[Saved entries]
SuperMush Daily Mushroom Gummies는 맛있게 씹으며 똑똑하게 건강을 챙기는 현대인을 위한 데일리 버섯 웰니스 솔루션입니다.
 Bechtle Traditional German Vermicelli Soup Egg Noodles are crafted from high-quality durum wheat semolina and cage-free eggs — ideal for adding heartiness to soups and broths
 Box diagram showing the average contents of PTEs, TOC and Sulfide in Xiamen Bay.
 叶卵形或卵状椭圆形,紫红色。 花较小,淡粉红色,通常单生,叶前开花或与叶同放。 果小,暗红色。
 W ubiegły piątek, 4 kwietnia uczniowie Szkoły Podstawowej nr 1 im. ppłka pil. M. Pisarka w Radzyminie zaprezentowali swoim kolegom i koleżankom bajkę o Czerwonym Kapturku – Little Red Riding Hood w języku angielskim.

==

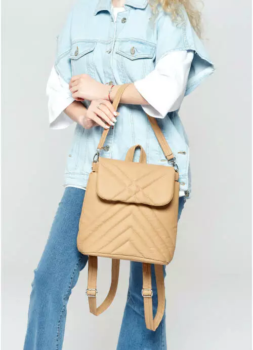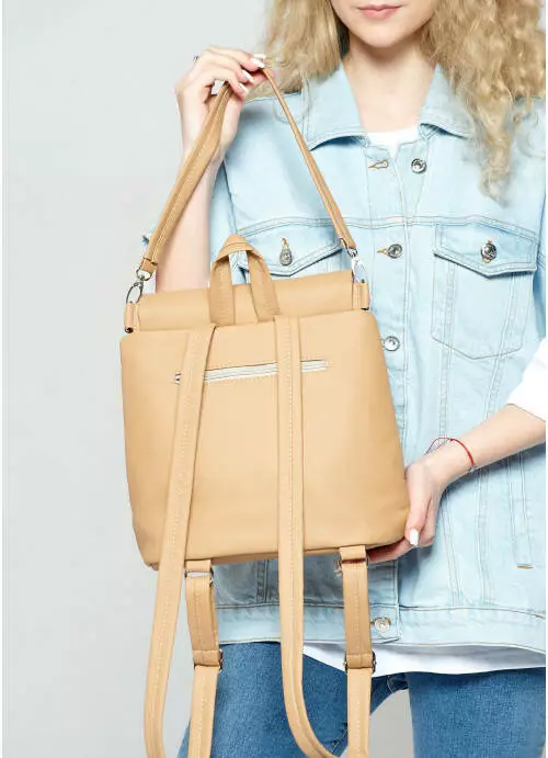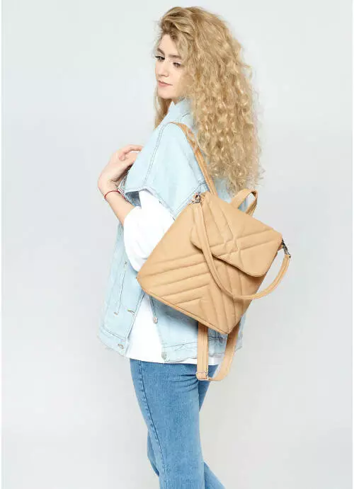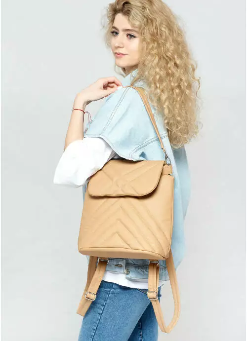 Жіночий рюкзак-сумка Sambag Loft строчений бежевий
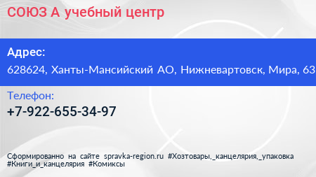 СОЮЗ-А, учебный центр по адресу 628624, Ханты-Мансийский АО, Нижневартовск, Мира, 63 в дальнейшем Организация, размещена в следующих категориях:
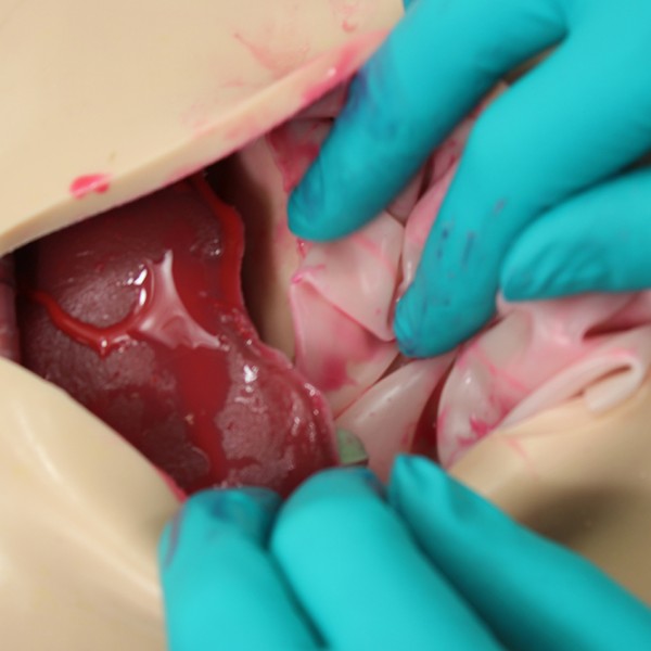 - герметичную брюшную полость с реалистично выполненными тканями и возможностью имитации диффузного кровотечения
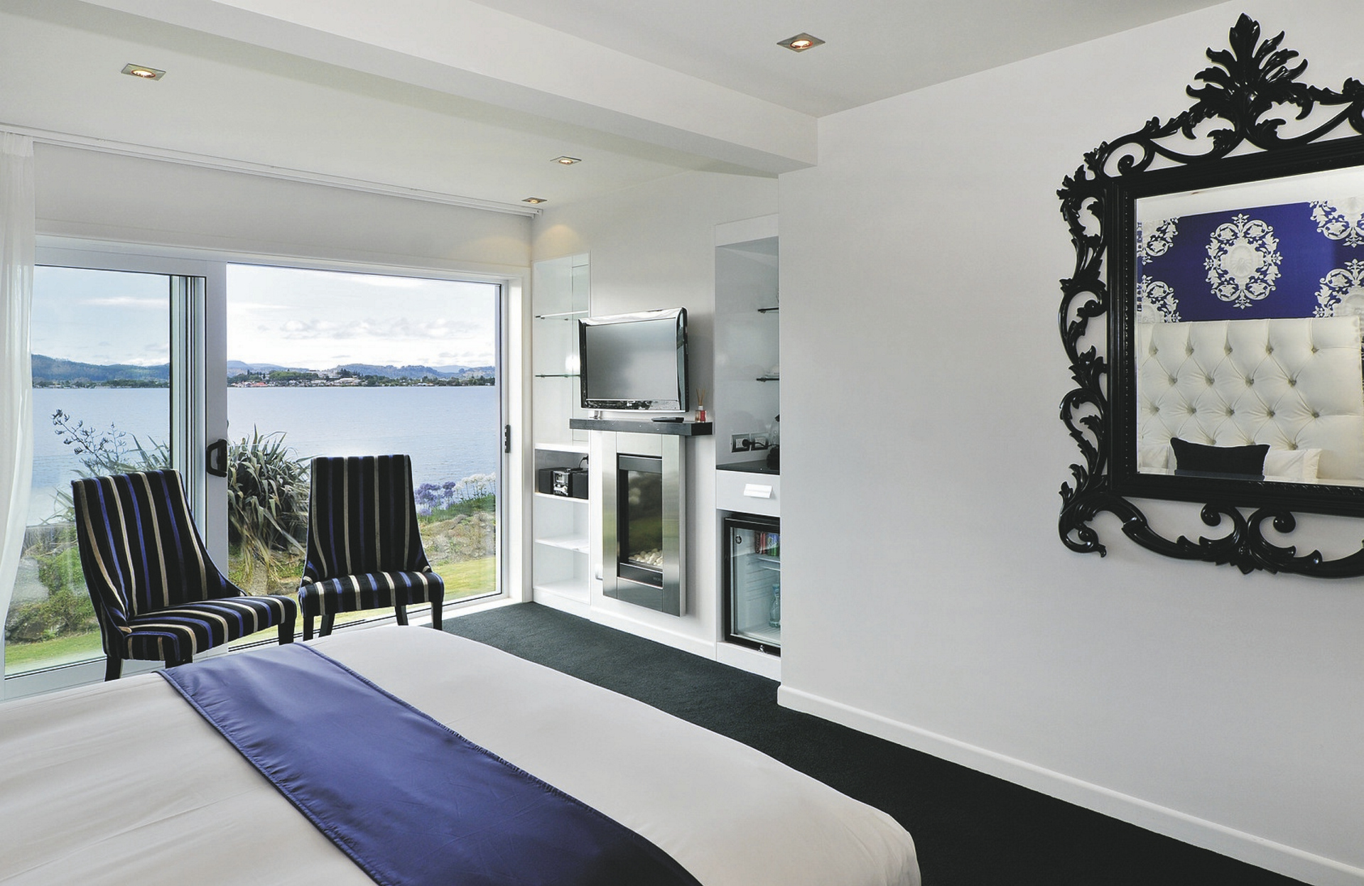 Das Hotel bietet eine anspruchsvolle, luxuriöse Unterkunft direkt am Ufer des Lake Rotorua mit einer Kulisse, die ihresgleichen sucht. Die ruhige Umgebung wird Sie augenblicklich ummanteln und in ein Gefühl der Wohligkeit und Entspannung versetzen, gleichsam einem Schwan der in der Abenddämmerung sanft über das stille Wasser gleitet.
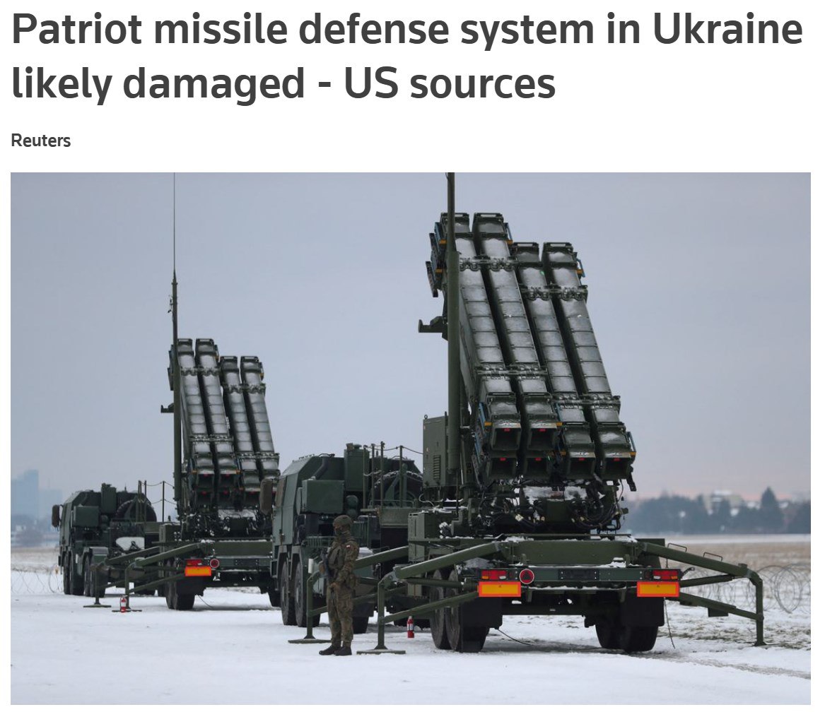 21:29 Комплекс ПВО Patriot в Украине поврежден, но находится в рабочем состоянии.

— Assignment —
Word for word, write out the lines above running from the one with "Жіночий рюкзак-сумка Sambag" up to and including the one with "- герметичную брюшную". Drop any picture.

— Solution to this problem —
 Жіночий рюкзак-сумка Sambag Loft строчений бежевий
 СОЮЗ-А, учебный центр по адресу 628624, Ханты-Мансийский АО, Нижневартовск, Мира, 63 в дальнейшем Организация, размещена в следующих категориях:
 - герметичную брюшную полость с реалистично выполненными тканями и возможностью имитации диффузного кровотечения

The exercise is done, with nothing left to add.